Commuters, both male and female, PTI spoke too, said they were taking all precautions and maintaining social distancing to ensure safety of all, and concurred that people should not lower their guards, despite resumption of services.

“Announcements are being made inside coaches that standing is not allowed as of now. Our efforts are to provide the safest way of travelling for commuters. Though cases are going down, we shouldn’t lower our guards,” said a DMRC ground staff stationed at Moolchand station on the Violet Line.

But, it’s not just the riders and staff who were enthused with the resumption of train services, security personnel, both from the Delhi Police and CISF, were equally happy.

While CISF personnel who man the inside premises of metro properties, were geared up with hand gloves and face shield, used gadgets to frisk commuters through contactless means, police personnel kept a watch outside.

“We have been working continuously, lockdown or no lockdown. But till yesterday it was all deserted as stations were closed, but today it felt good to see the station coming back to life with commuters going in and out,” said Raghubir Singh, an assistant sub-inspector of police on duty at Lajpat Nagar station.

He said as per records tabulated on an hourly basis, 30 people had entered the Lajpat Nagar metro station between 8-9 AM while 17 had exited from it in the same period. The corresponding figures for the Pink Line were 17 and 28 respectively.

Between 10-11 AM, 50 people had entered and 53 exited from the same station in south Delhi while on the Pink Line, 17 had entered and 156 commuters had exited from it in that interval, he said.

DMRC services were fully suspended since May 20 in view of the Covid-induced lockdown in Delhi. It was first imposed on April 19, and successively extended by the city government.

Metro services initially ran partially, catering only to people from the field of essential services, but from May 10, it was suspended in view of the rising cases amid the second wave of the coronavirus pandemic.

But not everyone had a happy story to share. For Mumbai-based Anil Kumar, a make-up artist in film industry, it was perhaps his last metro trip in Delhi, as he on way to book a railway train ticket to Mumbai.

“Make-up artists like us have been badly hit by Covid and the lockdown it induced later, last year and this year too.

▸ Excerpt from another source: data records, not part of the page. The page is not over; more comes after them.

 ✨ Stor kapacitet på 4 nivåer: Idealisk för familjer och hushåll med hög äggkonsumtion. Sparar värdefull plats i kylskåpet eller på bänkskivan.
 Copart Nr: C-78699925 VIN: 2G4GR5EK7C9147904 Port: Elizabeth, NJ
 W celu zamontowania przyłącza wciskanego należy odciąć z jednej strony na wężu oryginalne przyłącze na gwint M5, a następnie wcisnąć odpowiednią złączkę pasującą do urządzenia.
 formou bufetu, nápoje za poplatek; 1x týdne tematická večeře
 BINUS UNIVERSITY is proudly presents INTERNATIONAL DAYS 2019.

Since January, I was staying with a relative in south Delhi, but now they have indicated that they want me out of their home. In the coronavirus pandemic, strangers have helped, but in many cases our own people have deserted,” he lamented as he exited the station.

Kumar, a native of Kangra in Himachal Pradesh, said, “I am not so much afraid of Covid anymore as much as of dying of hunger. I need to look for work now, so going to Bombay. Staying with my relatives is an agonising experience now”.

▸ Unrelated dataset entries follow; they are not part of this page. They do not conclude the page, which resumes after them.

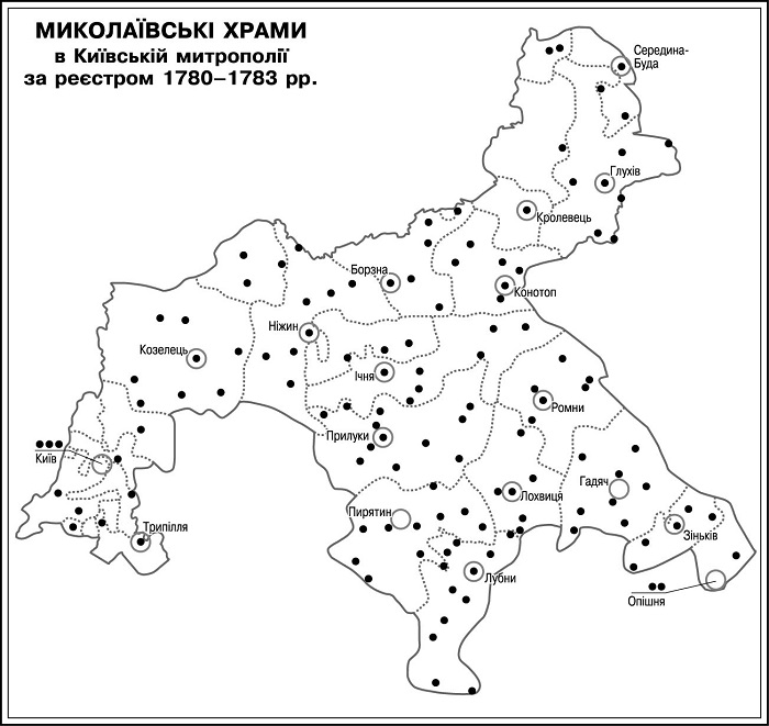 Іл. 2. Миколаївські храми в Київській митрополії за реєстром 1780–1783 рр. (Укладено О. Прокоп’юк).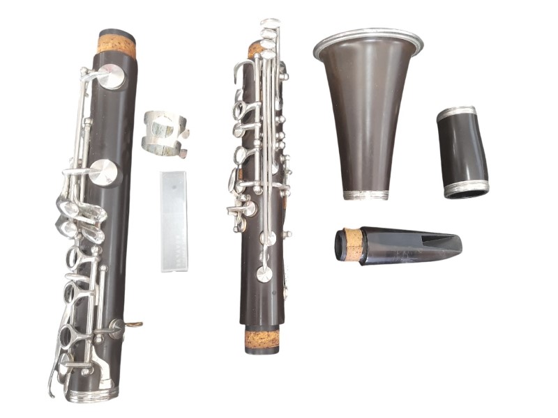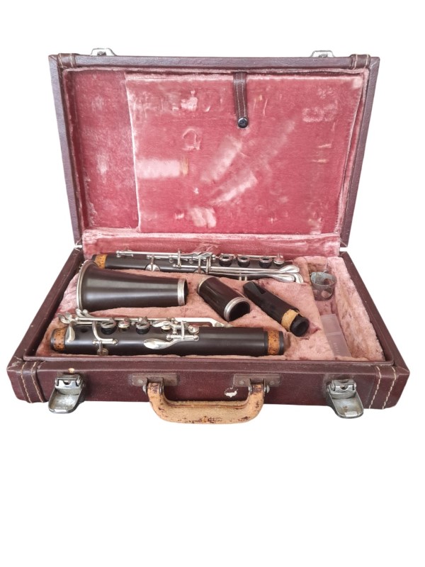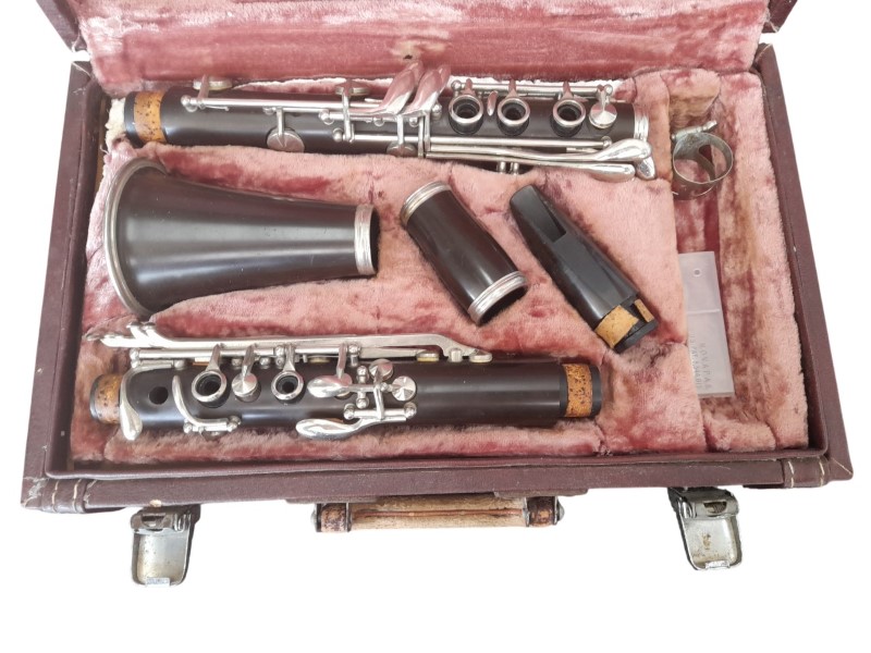 This student clarinet is a reliable wind instrument suitable for beginners and experienced players alike. Despite its heavy wear, it remains fully functional and ready to produce rich, resonant tones. The included case ensures convenient transportation and storage.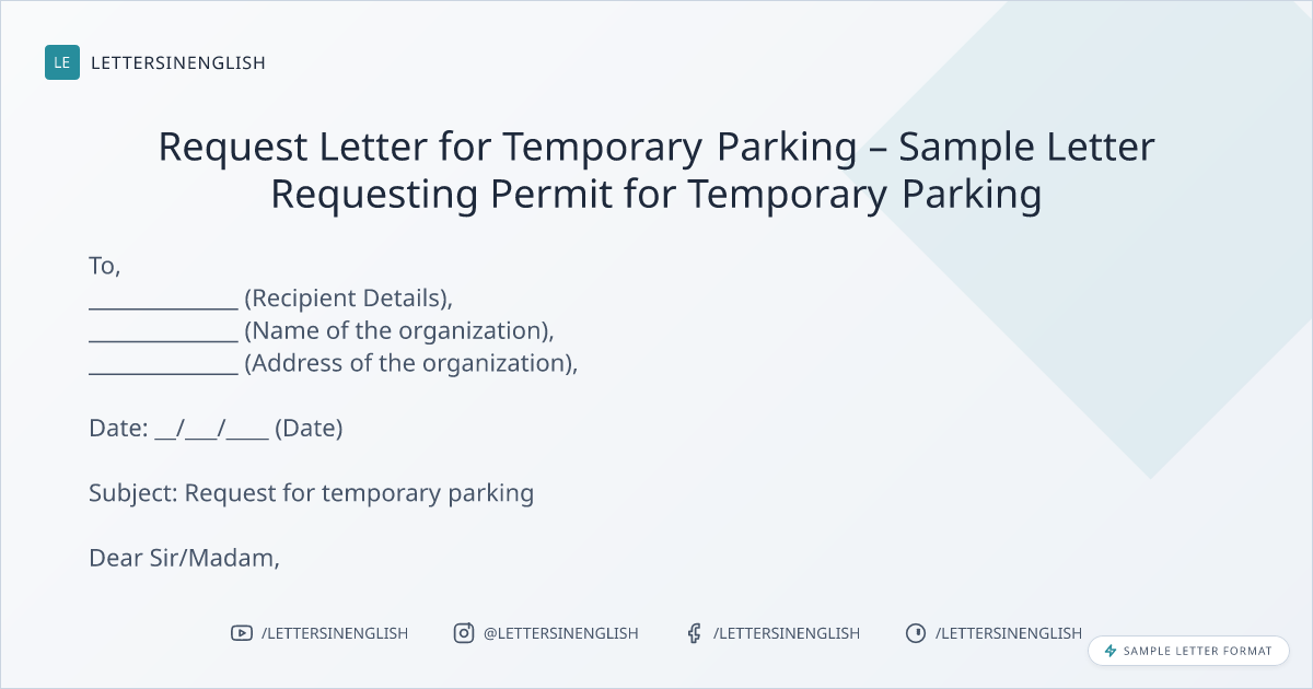 Request Letter for Temporary Parking – Sample Letter Requesting Permit for Temporary Parking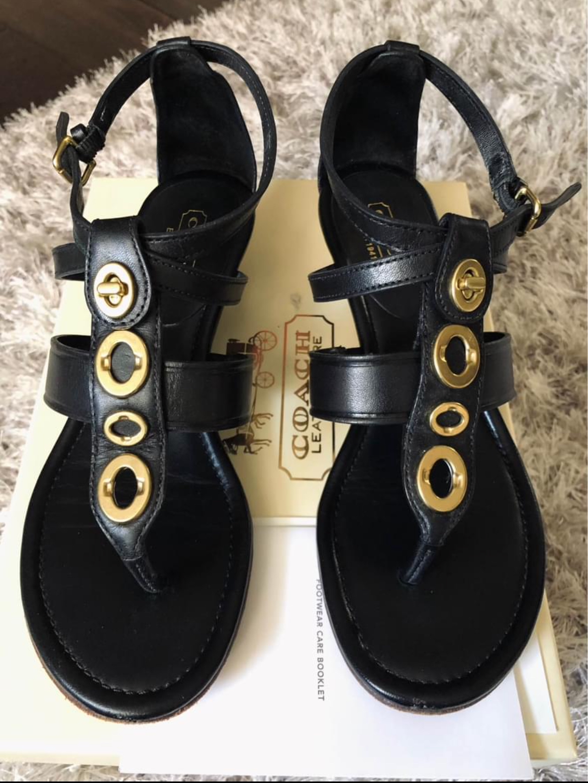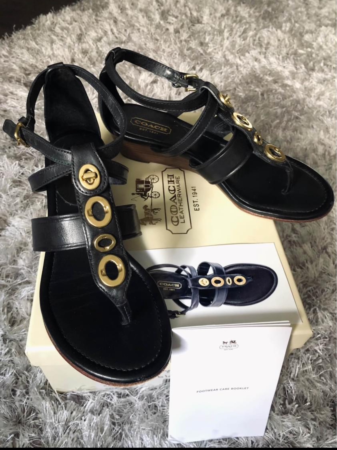 125Gorgeous black leather Gladiator sandals. Incredible condition! Beautiful matte-gold hardware. Soft leather. Come in original box. Size 5 in Coach brand.. could fit a 5.5 as well. I can only meet you in Markham. location Petro Canada corner of 16 ave and 9th line Or Shoppers drug mart of Hwy7/Wooten way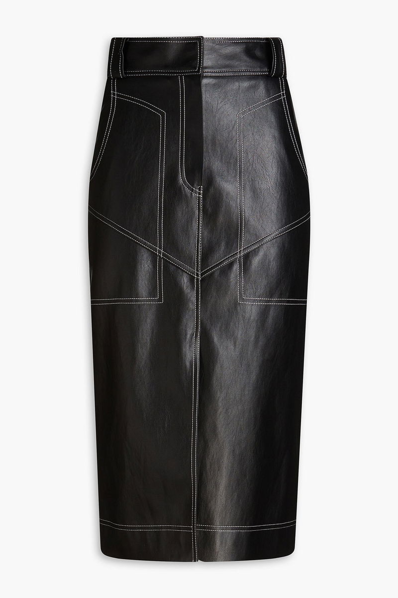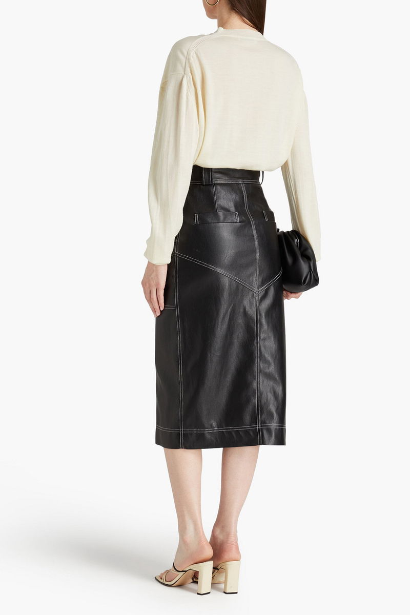 Faux leather topstitching pencil skirt.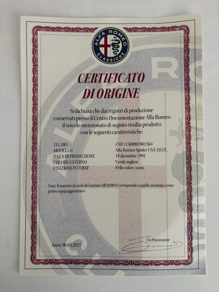 CLASSIC CARS - ALFA ROMEO SPIDER VELOCE 2.0 IV SERIE MOD. U.S.A. 1991

Rickshaw-pullers and autorickshaw drivers were also relieved that now they would get some passengers as the metro services have resumed.

DMRC sanitation staff, Vikram Chauhan, 26, who was seen cleaning the escalator in the morning, said, “It is good to see people back in metro”.

“I have worked in lockdown too and for us, special services uses to run morning and evening in a day. But, to see passengers return makes us also feel that things are slowly returning to normal,” he said.

Chauhan, who has three little daughters, the third one barely six months, hails from Bhagalpur district in Bihar, and his family is currently staying there.

“They are safe as of now. But yes, I fear for their safety as much I fear for mine in Delhi. I live in a metro, they live in a village, but the coronavirus has spread deeper this time. Thankfully, I got myself tested and report came negative,” he said.